🤖 AI Summary
In short-video recommendation, user viewing duration exhibits high uncertainty; conventional point-wise (mean) prediction fails to capture behavioral diversity, limiting recommendation effectiveness. This paper proposes a Conditional Quantile Estimation (CQE) framework—the first to systematically integrate deep quantile regression into short-video viewing duration modeling—enabling end-to-end learning of the full conditional duration distribution for user-video pairs. The method comprises joint multi-quantile modeling, an adaptive fusion strategy, and differentiable optimization, thereby departing from the mean-prediction paradigm. Online A/B tests on the Kuaikan mobile application demonstrate statistically significant improvements: +3.2% in active days, +2.8% in active users, +4.1% in average viewing duration per user, and +5.0% in total video plays.
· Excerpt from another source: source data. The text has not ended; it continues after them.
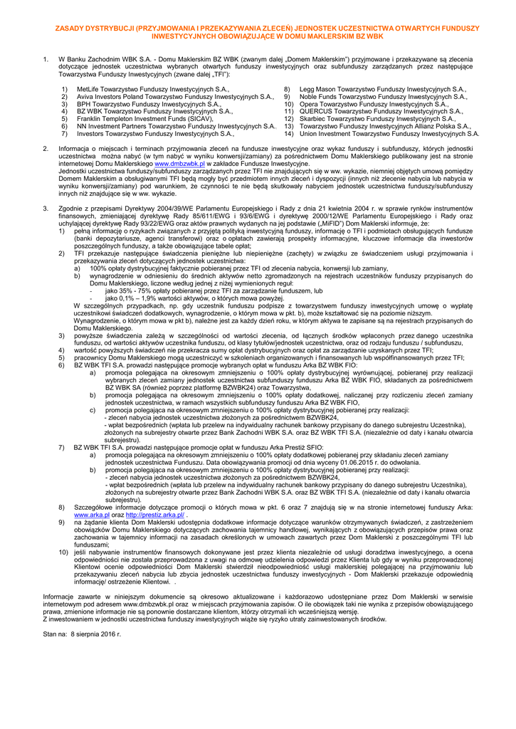 ZASADY DYSTRYBUCJI (PRZYJMOWANIA I PRZEKAZYWANIA ZLECEŃ) JEDNOSTEK UCZESTNICTWA OTWARTYCH FUNDUSZY INWESTYCYJNYCH OBOWIĄZUJĄCE W DOMU MAKLERSKIM BZ WBK 1. W Banku Zachodnim WBK S.A. - Domu Maklerskim BZ WBK (zwanym dalej „Domem Maklerskim”) przyjmowane i przekazywane są zlecenia dotyczące jednostek uczestnictwa wybranych otwartych funduszy inwestycyjnych oraz subfunduszy zarządzanych przez następujące Towarzystwa Funduszy Inwestycyjnych (zwane dalej „TFI”): 1) 2) 3) 4) 5) 6) 7) MetLife Towarzystwo Funduszy Inwestycyjnych S.A., Aviva Investors Poland Towarzystwo Funduszy Inwestycyjnych S.A., BPH Towarzystwo Funduszy Inwestycyjnych S.A., BZ WBK Towarzystwo Funduszy Inwestycyjnych S.A., Franklin Templeton Investment Funds (SICAV), NN Investment Partners Towarzystwo Funduszy Inwestycyjnych S.A., Investors Towarzystwo Funduszy Inwestycyjnych S.A., 8) 9) 10) 11) 12) 13) 14) Legg Mason Towarzystwo Funduszy Inwestycyjnych S.A., Noble Funds Towarzystwo Funduszy Inwestycyjnych S.A., Opera Towarzystwo Funduszy Inwestycyjnych S.A., QUERCUS Towarzystwo Funduszy Inwestycyjnych S.A., Skarbiec Towarzystwo Funduszy Inwestycyjnych S.A., Towarzystwo Funduszy Inwestycyjnych Allianz Polska S.A., Union Investment Towarzystwo Funduszy Inwestycyjnych S.A. 2. Informacja o miejscach i terminach przyjmowania zleceń na fundusze inwestycyjne oraz wykaz funduszy i subfunduszy, których jednostki uczestnictwa można nabyć (w tym nabyć w wyniku konwersji/zamiany) za pośrednictwem Domu Maklerskiego publikowany jest na stronie internetowej Domu Maklerskiego www.dmbzwbk.pl w zakładce Fundusze Inwestycyjne. Jednostki uczestnictwa funduszy/subfunduszy zarządzanych przez TFI nie znajdujących się w ww. wykazie, niemniej objętych umową pomiędzy Domem Maklerskim a obsługiwanymi TFI będą mogły być przedmiotem innych zleceń i dyspozycji (innych niż zlecenie nabycia lub nabycia w wyniku konwersji/zamiany) pod warunkiem, że czynności te nie będą skutkowały nabyciem jednostek uczestnictwa funduszy/subfunduszy innych niż znajdujące się w ww. wykazie. 3. Zgodnie z przepisami Dyrektywy 2004/39/WE Parlamentu Europejskiego i Rady z dnia 21 kwietnia 2004 r. w sprawie rynków instrumentów finansowych, zmieniającej dyrektywę Rady 85/611/EWG i 93/6/EWG i dyrektywę 2000/12/WE Parlamentu Europejskiego i Rady oraz uchylającej dyrektywę Rady 93/22/EWG oraz aktów prawnych wydanych na jej podstawie („MiFID”) Dom Maklerski informuje, że: 1) pełną informację o ryzykach związanych z przyjętą polityką inwestycyjną funduszy, informację o TFI i podmiotach obsługujących fundusze (banki depozytariusze, agenci transferowi) oraz o opłatach zawierają prospekty informacyjne, kluczowe informacje dla inwestorów poszczególnych funduszy, a także obowiązujące tabele opłat; 2) TFI przekazuje następujące świadczenia pieniężne lub niepieniężne (zachęty) w związku ze świadczeniem usługi przyjmowania i przekazywania zleceń dotyczących jednostek uczestnictwa: a) 100% opłaty dystrybucyjnej faktycznie pobieranej przez TFI od zlecenia nabycia, konwersji lub zamiany, b) wynagrodzenie w odniesieniu do średnich aktywów netto zgromadzonych na rejestrach uczestników funduszy przypisanych do Domu Maklerskiego, liczone według jednej z niżej wymienionych reguł: jako 35% - 75% opłaty pobieranej przez TFI za zarządzanie funduszem, lub jako 0,1% – 1,9% wartości aktywów, o których mowa powyżej. W szczególnych przypadkach, np. gdy uczestnik funduszu podpisze z towarzystwem funduszy inwestycyjnych umowę o wypłatę uczestnikowi świadczeń dodatkowych, wynagrodzenie, o którym mowa w pkt. b), może kształtować się na poziomie niższym. Wynagrodzenie, o którym mowa w pkt b), należne jest za każdy dzień roku, w którym aktywa te zapisane są na rejestrach przypisanych do Domu Maklerskiego. 3) powyższe świadczenia zależą w szczególności od wartości zlecenia, od łącznych środków wpłaconych przez danego uczestnika funduszu, od wartości aktywów uczestnika funduszu, od klasy tytułów/jednostek uczestnictwa, oraz od rodzaju funduszu / subfunduszu, 4) wartość powyższych świadczeń nie przekracza sumy opłat dystrybucyjnych oraz opłat za zarządzanie uzyskanych przez TFI; 5) pracownicy Domu Maklerskiego mogą uczestniczyć w szkoleniach organizowanych i finansowanych lub współfinansowanych przez TFI; 6) BZ WBK TFI S.A. prowadzi następujące promocje wybranych opłat w funduszu Arka BZ WBK FIO: a) promocja polegająca na okresowym zmniejszeniu o 100% opłaty dystrybucyjnej wyrównującej, pobieranej przy realizacji wybranych zleceń zamiany jednostek uczestnictwa subfunduszy funduszu Arka BZ WBK FIO, składanych za pośrednictwem BZ WBK SA (również poprzez platformę BZWBK24) oraz Towarzystwa, b) promocja polegająca na okresowym zmniejszeniu o 100% opłaty dodatkowej, naliczanej przy rozliczeniu zleceń zamiany jednostek uczestnictwa, w ramach wszystkich subfunduszy funduszu Arka BZ WBK FIO, c) promocja polegająca na okresowym zmniejszeniu o 100% opłaty dystrybucyjnej pobieranej przy realizacji: - zleceń nabycia jednostek uczestnictwa złożonych za pośrednictwem BZWBK24, - wpłat bezpośrednich (wpłata lub przelew na indywidualny rachunek bankowy przypisany do danego subrejestru Uczestnika), złożonych na subrejestry otwarte przez Bank Zachodni WBK S.A. oraz BZ WBK TFI S.A. (niezależnie od daty i kanału otwarcia subrejestru). 7) BZ WBK TFI S.A. prowadzi następujące promocje opłat w funduszu Arka Prestiż SFIO: a) promocja polegająca na okresowym zmniejszeniu o 100% opłaty dodatkowej pobieranej przy składaniu zleceń zamiany jednostek uczestnictwa Funduszu. Data obowiązywania promocji od dnia wyceny 01.06.2015 r. do odwołania. b) promocja polegająca na okresowym zmniejszeniu o 100% opłaty dystrybucyjnej pobieranej przy realizacji: - zleceń nabycia jednostek uczestnictwa złożonych za pośrednictwem BZWBK24, - wpłat bezpośrednich (wpłata lub 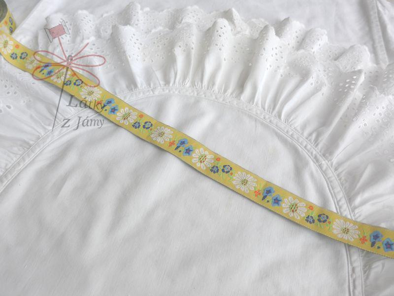 Stuha - Žlutá modré a bílé květySkladem 7.5 m35 Kč/ m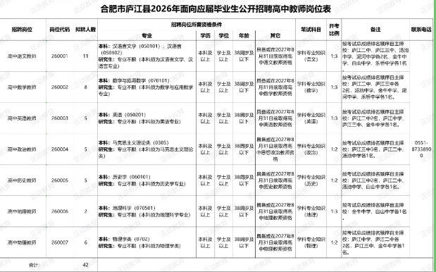 本次招聘计划为42名。具体岗位及条件详见《合肥市庐江县2026年面向应届毕业生公开招聘高中教师岗位表》(附件1)。
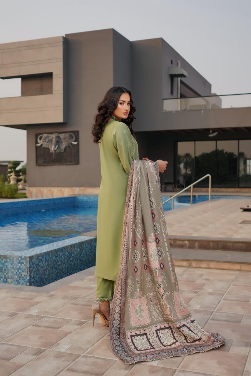 Mahira is an ode to winter grace—soft, majestic, and beautifully embroidered. Designed on premium Dhanak fabric, this ensemble features a delicately embellished front panel and floral embroidery that radiates sophistication. The long-length shirt paired with plain trousers ensures effortless charm, while the printed wool shawl adds warm seasonal refinement.

These results empirically validate that distributional prediction yields tangible gains in recommendation quality.
📝 Abstract
Accurately predicting watch time is crucial for optimizing recommendations and user experience in short video platforms. However, existing methods that estimate a single average watch time often fail to capture the inherent uncertainty and diversity in user engagement patterns. In this paper, we propose the Conditional Quantile Estimation (CQE) framework to model the entire conditional distribution of watch time. Using quantile regression, CQE characterizes the complex watch-time distribution for each user-video pair, providing a flexible and comprehensive approach to understanding user behavior. We further design multiple strategies to combine the quantile estimates, adapting to different recommendation scenarios and user preferences. Extensive offline experiments and online A/B tests demonstrate the superiority of CQE in watch time prediction and user engagement modeling. In particular, the online deployment of CQE in KuaiShow has led to significant improvements in key evaluation metrics, including active days, active users, engagement duration, and video view counts. These results highlight the practical impact of our proposed approach in enhancing the user experience and overall performance of the short video recommendation system. The code will be released after publication.